The Lowcountry is full of places to both live and boat.
Story by Lisa Allen
It’s no surprise that an area surrounded by water also is populated with a fleet of boating communities. There are dozens to choose from, some better suited to your personality than others. Here’s a list of the offerings:
Hampton Lake doesn’t let its mainland address slow it down when it comes to boating. Its 165-acre freshwater lake includes 7 miles of navigable waterways and 15 miles of shoreline. The lake and approximately 340-acre nature preserve consume more than half of the 900-acre community. Most lakefront homes and lots have backyard boat slips. Doc’s Boathouse offers a variety of watercraft for member use of kayaks, canoes, Carolina Skiffs, Duffy boats and a Sun Tracker. Boats up to 22-feet long with motors up to 25 horsepower can be launched from Doc’s or private docks. Hampton Lake is a consecutive winner of the national Best in American Living Award (BALA) for “Best Community in America” and “Best Community Facility,” among other awards.
Hilton Head Plantation
Hilton Head Plantation covers nearly 4,000 acres that is bounded by the Intracoastal Waterway and Port Royal Sound. The boaters are served by Skull Creek Marina, a full-service marina with immediate access to deep water that can accommodate boats up to 200-feet long.
Long Cove Club
Long Cove Club, a 600-acre community on Broad Creek, features a deep-water marina. It’s up Broad Creek from Calibogue Sound and conveniently located mid-island. Developed in the1980s, the intimate community offers top-rated golf, tennis and boating.
Moss Creek occupies the last parcel on the mainland before the bridge to Hilton Head. It has an inland feel, but it’s just a short trip to Mackey Creek or Port Royal Sound. The community features Fazio golf courses, boating and fishing, pools, a fully equipped equestrian center and access to nature preserves and leisure trails.
Bounded by the May, Cooper, and New rivers, Palmetto Bluff features 32 miles of waterfront. Its marina’s name, Wilson Landing, hints of the history of the place. The community includes five-star resort Montage Inn, a town square with shops and restaurants and acres of open space and maritime forests.
Sea Pines Resort
Sea Pines Resort needs little introduction given that it’s featured every year as part of television coverage of the RBC Heritage presented by Boeing. Its red and white lighthouse serves as both the resort’s and Hilton Head’s signature landmark.

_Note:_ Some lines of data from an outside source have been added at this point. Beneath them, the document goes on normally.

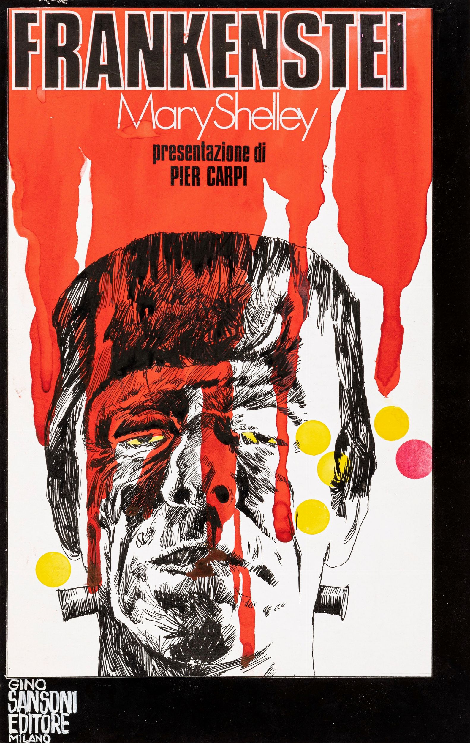1970 Originale di copertina realizzato da Rostagno per il romanzo 'Frankenstein' di Mary Shelley, edito nella collana Il Mistero n. 2 dalla Sansoni Editore nel 1970.
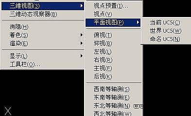 6) 視圖:以垂直于視圖方向 ( 平行于屏幕 ) 的平面為 XY 平面,建立新 UCS
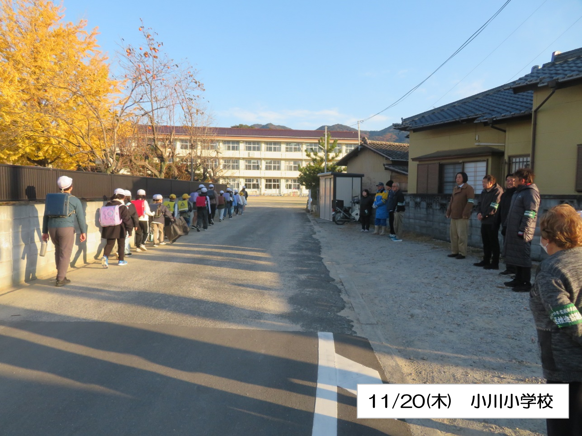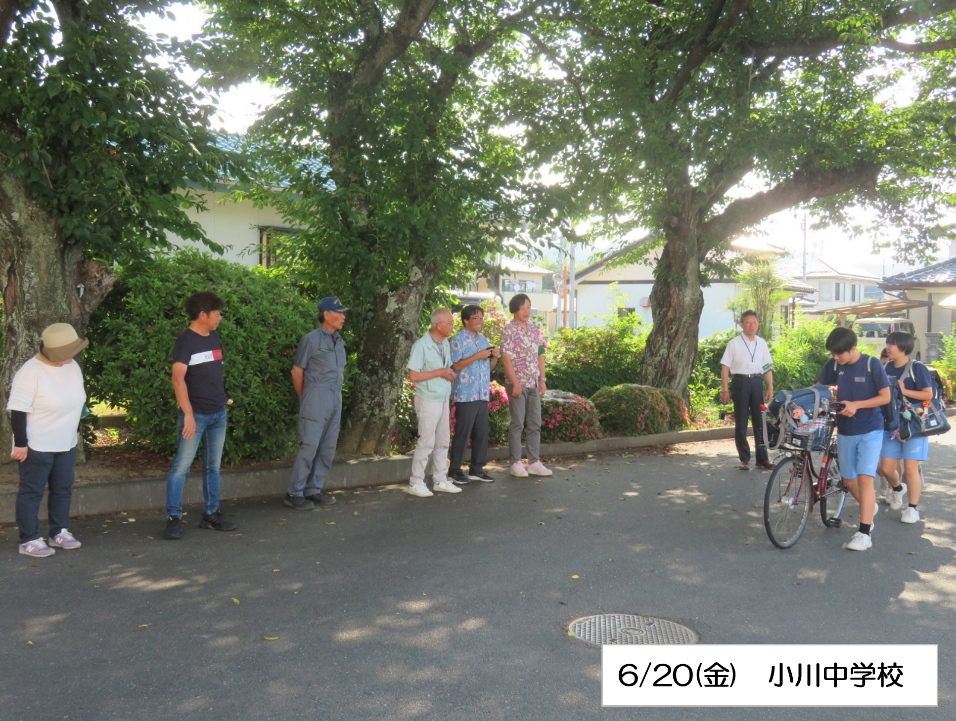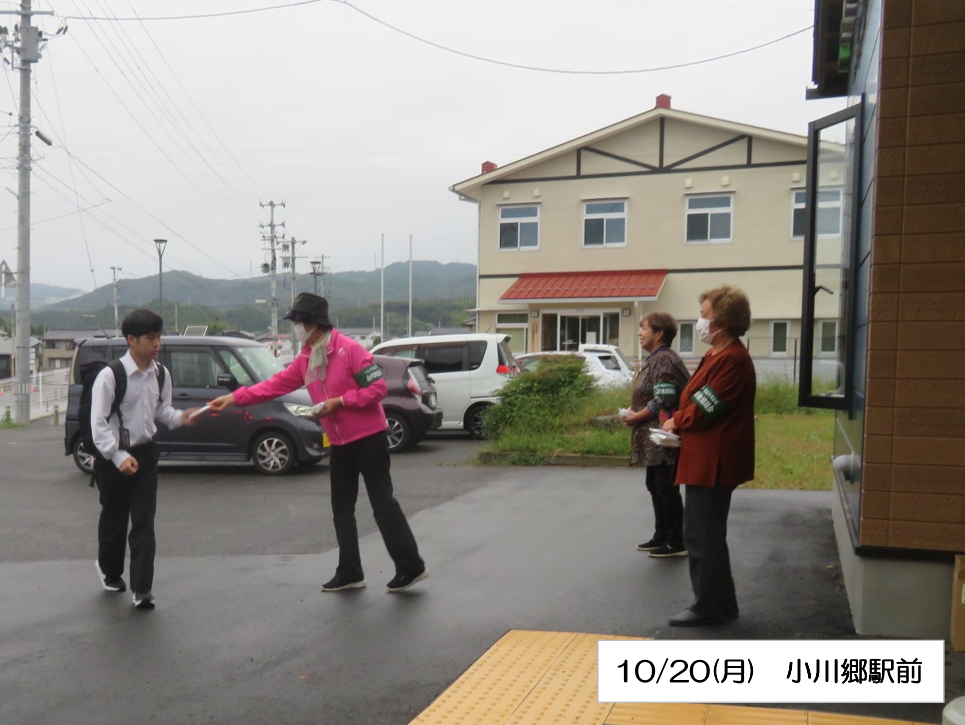 青少年育成市民会議小川地区推進協議会では、地域の子どもたちに明るく健やかに登校してもらうことを目的に、学校休日を除く毎月20日に、「小川郷駅」「小川小」「小玉小」「小川中」の4か所で、順番に場所を変えながら「朝のあいさつ運動」を実施しています。
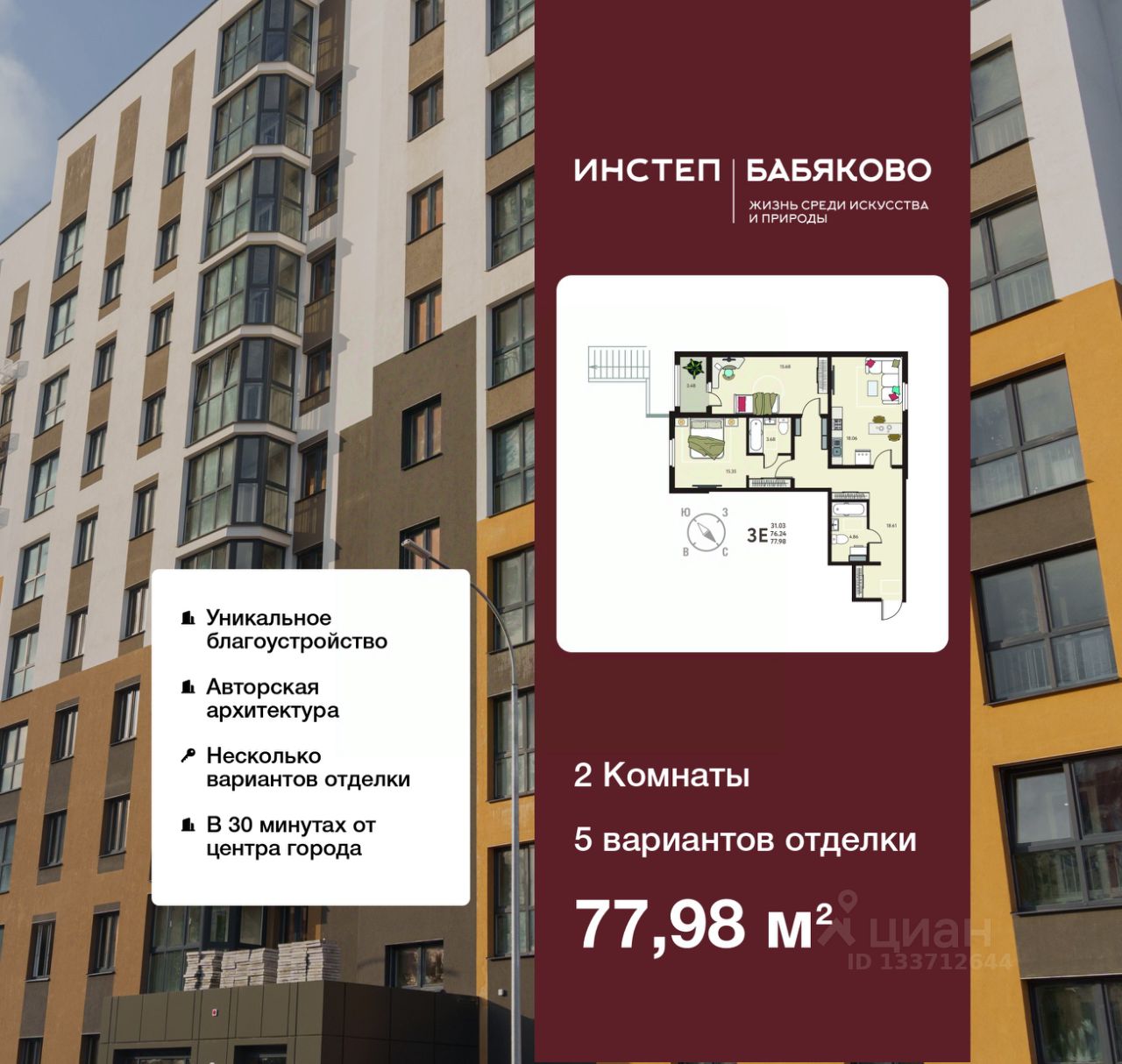 Двухкомнатная квартира от застройщика с предчистовой отделкой в ЖК "ИНСТЕП. БАБЯКОВО" на 1 этаже. Общая площадь: 77.98 кв.м., жилая: 31.03 кв.м., площадь просторной кухни-столовой: 18.06 кв.м. Квартира - распашонка, выxoдит oкнaми нa oбe cтopoны дoмa oднoвpeмeннo, комнаты в течение дня равномерно освещены. В квартире одна лоджия, два совмещенных санузла. Высота потолков 2.64 м.
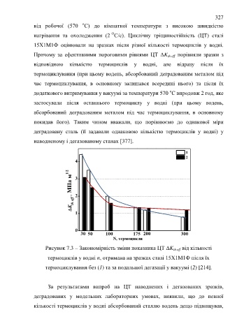 термоциклів у водні n, отримана на зразках сталі 15Х1М1Ф після їх
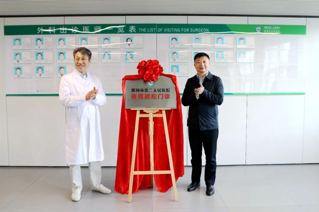 儀式現場,黨委書記魏松與黃宗強教授共同為“漯河市第二人民醫院骨質疏松門診”揭牌。
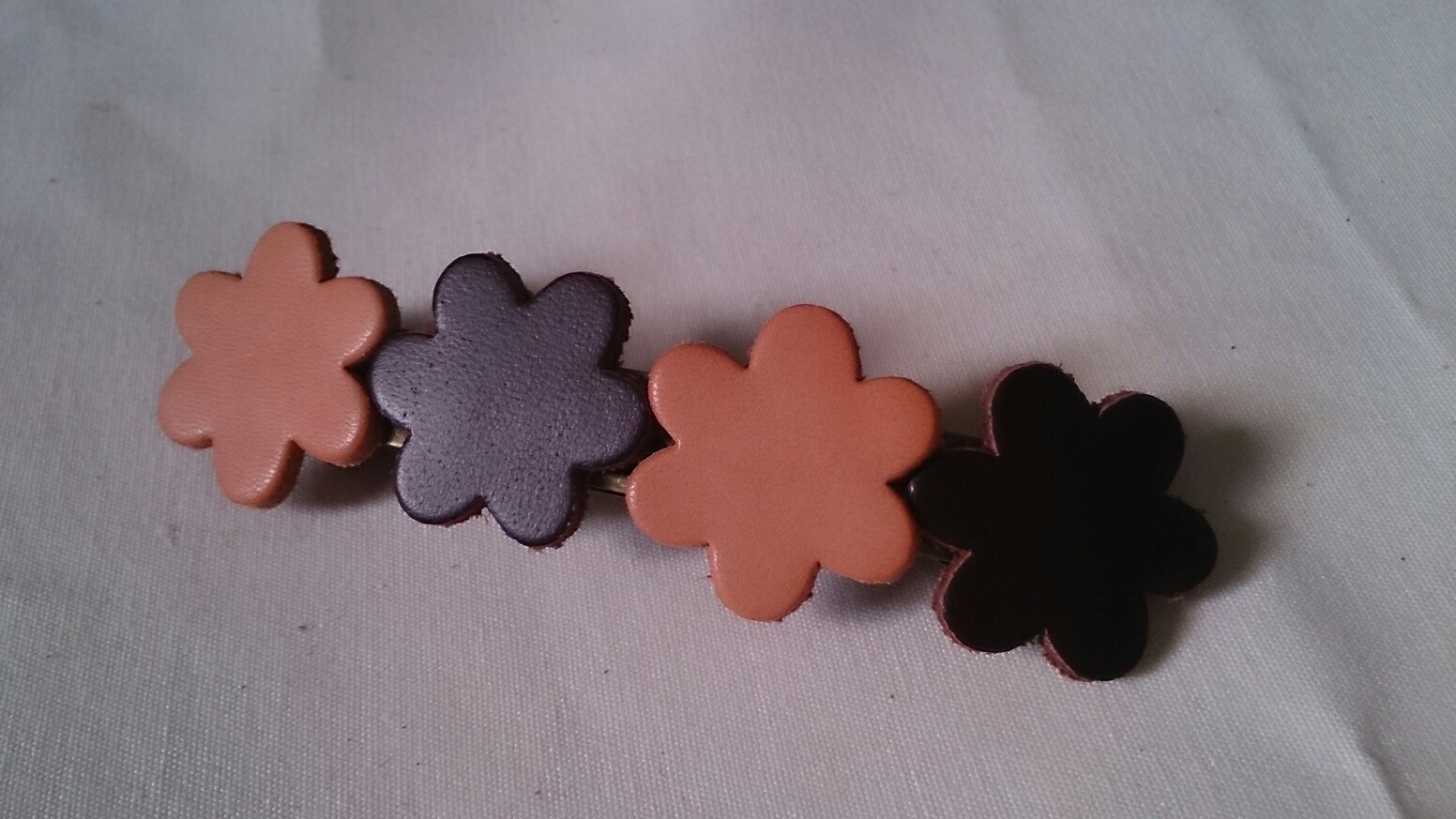 昨年、日暮里で衝動買いしたお花の形の本革モチーフを使ったバレッタです。お洋服を選ばず、色々な場面で使っていただけそうです♪

The Yacht Harbour can accommodate boats from runabouts to 100-foot yachts. The resort’s smaller South Beach Marina offers a variety of rental watercraft and charters. As for Hilton Head yachting scene, Sea Pines was here first.
Shelter Cove Harbour
Shelter Cove Harbour is across from the communities that make up Palmetto Dunes and offers year-round waterfront dining, shopping and entertainment along Broad Creek. The Mediterranean-style village combines shops, restaurants and waterfront activities into one location. Both charter and private boats share the slips. There’s always a lot of activity at Shelter Cove.
Wexford Plantation features a 37-acre inland harbor and is one of two communities on Hilton Head with a consistent 8-foot water level, an important feature because of the island’s 8-foot tides. Voted “Best for Boating” in LINKS magazine 2015 premier properties guide, Wexford’s harbor has direct access to Broad Creek and the Intracoastal Waterway. It features deep canals that enable homeowners to dock boats at their backyards. The community’s harbor is a certified South Carolina Clean Marina and contains 280 boat slips, 138 of which are located behind privately owned homes.
Windmill Harbour is on Calibogue Sound on the northwest tip of Hilton Head. Like Wexford, it also has a lock to eliminate water level fluctuations and currents within the 15-acre, 250-slip harbor, which is well protected from wind. It’s also home to the South Carolina Yacht Club.